Data AccessPDF version

Accessing Data in Amazon S3 Buckets

Every language in Cloudera Data Science Workbench has libraries available for uploading to and downloading from Amazon S3.

To work with S3:
  1. Add your Amazon Web Services access keys to your project's environment variables as AWS_ACCESS_KEY_ID and AWS_SECRET_ACCESS_KEY.
  2. Pick your favorite language from the code samples below.

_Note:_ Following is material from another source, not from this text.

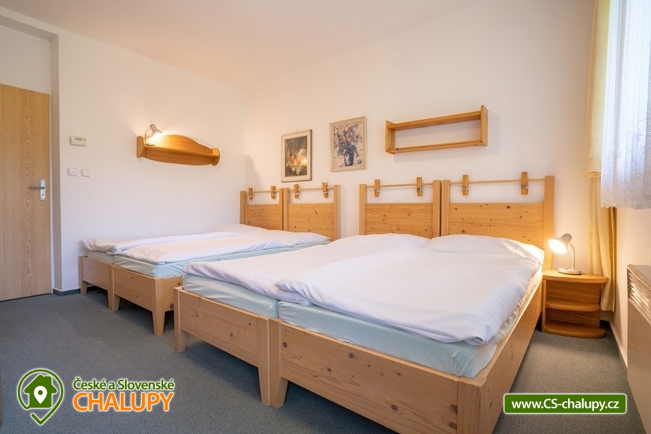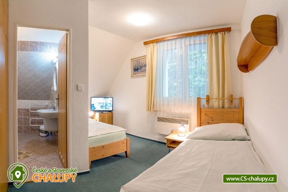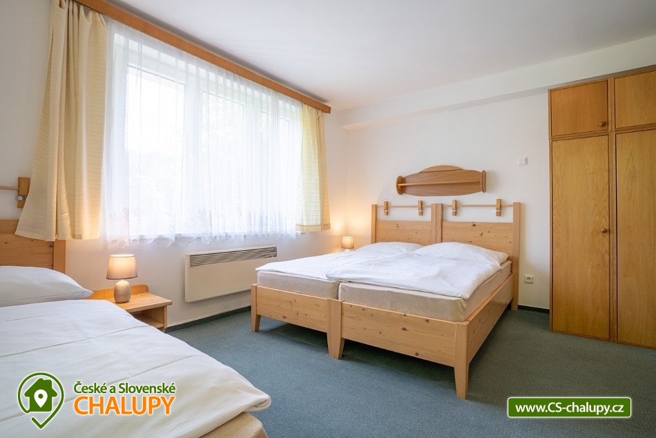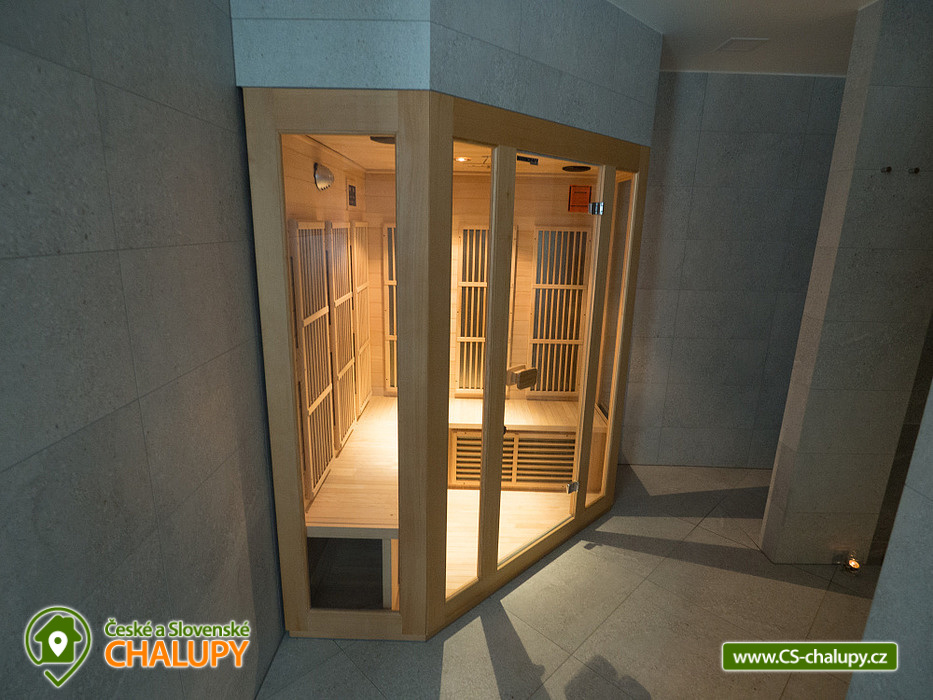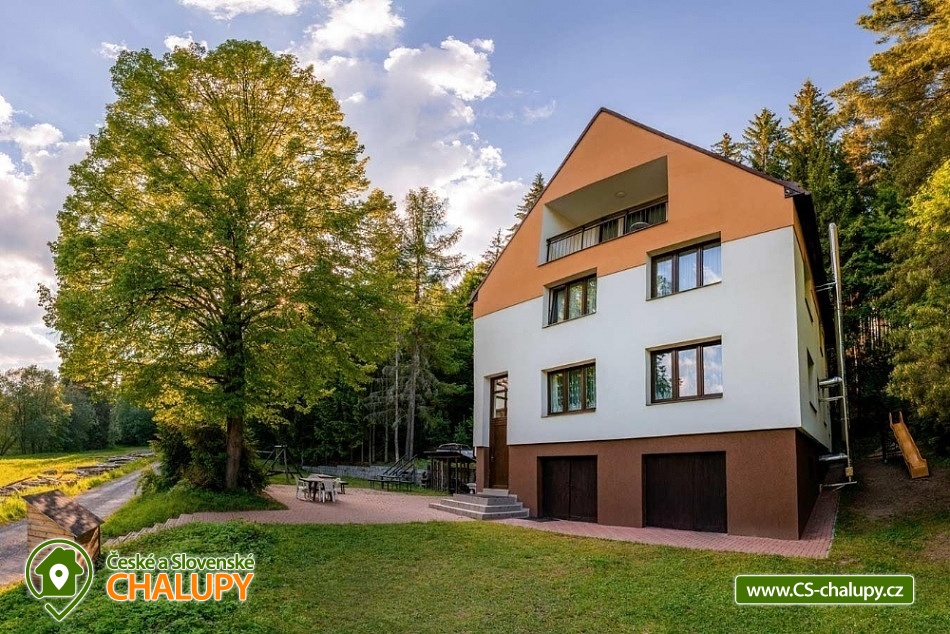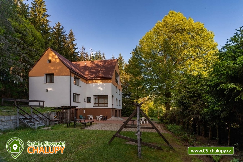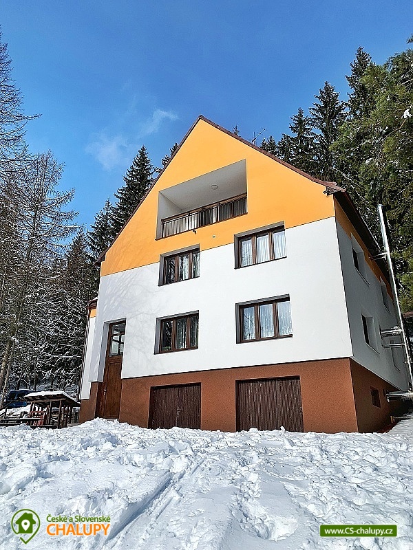 Wellness chata v lokalitě Hrubý Jeseník pod horou Praděd. K dispozici vlastní wellness - sudová sauna a vířivka. Celková kapacita chaty je až 30 osob: 9 pokojů - ke každému vlastní sociální zařízení. Chata je vybavená tak, aby se zde cítily dobře nejen rodiny s dětmi, ale i větší skupiny, které si pronajmou celý objekt na narozeniny, oslavu Silvestra nebo jinou soukromou akci. Všechny pokoje jsou prostorné, mají vlastní sociální zařízení se sprchovým koutem, vytápěnou podlahu, TV a Wi-Fi. Možnost dětské postýlky po dohodě. Součástí ubytování je zapůjčení ložního prádla. Je možný pronájem pouze celé chaty. Cena je stanovena fixně za celý objekt v závislosti na období a počtu obsazených nocí. V přízemí domu se nachází plně vybavená kuchyň s jídelnou a společenskou místností. Chata má vinárnu a pivní bar, ze kterého se vychází rovnou k ohništi. Ve vinárně se nachází vlastní pípa na pivo, stylové posezení a krb. Pro Váš relax můžete využít nové venkovní wellness přímo v chatě. Užijete si sudovou saunu a vířivku i příjemné posezení. Vytápění chaty je elektrickými přímotopy. Hosté chaty mohou využít veškeré sportovní a relaxační zázemí hotelu Kamzík, který je vzdálený 680 metrů: hotelové wellness centrum, vnitřní vyhřívaný bazén s venkovní terasou a malý whirlpool, velkou tělocvičnu, tenisový a badmintonový kurt, posilovnu, lanové centrum s dětským hřištěm před hotelem Kamzík, dětskou hernu a bowling. V létě: chata je ideálním výchozím bodem pro turistiku a cykloturistiku. Leží totiž u hlavní výchozí trasy do hor Hrubého Jeseníku - na Velký Kotel, Alfrédku a Praděd, kam od nás dojdete krásnou 8 km dlouhou vycházkou. Okolní lesy nadchnou také houbaře. Podívejte se na podrobnější tipy na výlety a koupání. V zimě: asi 200 m od chaty se nachází nejdelší sjezdovka Ski Arény Karlov, v centru obce pak další lyžařské svahy, parkování je zdarma. Na další oblíbená zimní střediska Ovčárna, Praděd a Ramzová jezdí z Karlova několikrát denně skibus. Hrubý Jeseník je známý i pro své nádherné běžecké trasy a např. do bílé stopy na Praděd nastoupíte přímo u chaty.

Each one downloads the R 'Old Faithful' dataset from S3.
    R
    library("devtools") 
    install_github("armstrtw/AWS.tools") 
    
    Sys.setenv("AWSACCESSKEY"=Sys.getenv("AWS_ACCESS_KEY_ID")) 
    Sys.setenv("AWSSECRETKEY"=Sys.getenv("AWS_SECRET_ACCESS_KEY")) 
    
    library("AWS.tools") 
    
    s3.get("s3://sense-files/faithful.csv")
    Python
    # Install Boto to the project
    !pip install boto
    
    # Create the Boto S3 connection object.
    from boto.s3.connection import S3Connection
    aws_connection = S3Connection()
            
    # Download the dataset to file 'faithful.csv'.
    bucket = aws_connection.get_bucket('sense-files')
    key = bucket.get_key('faithful.csv')
    key.get_contents_to_filename('/home/cdsw/faithful.csv')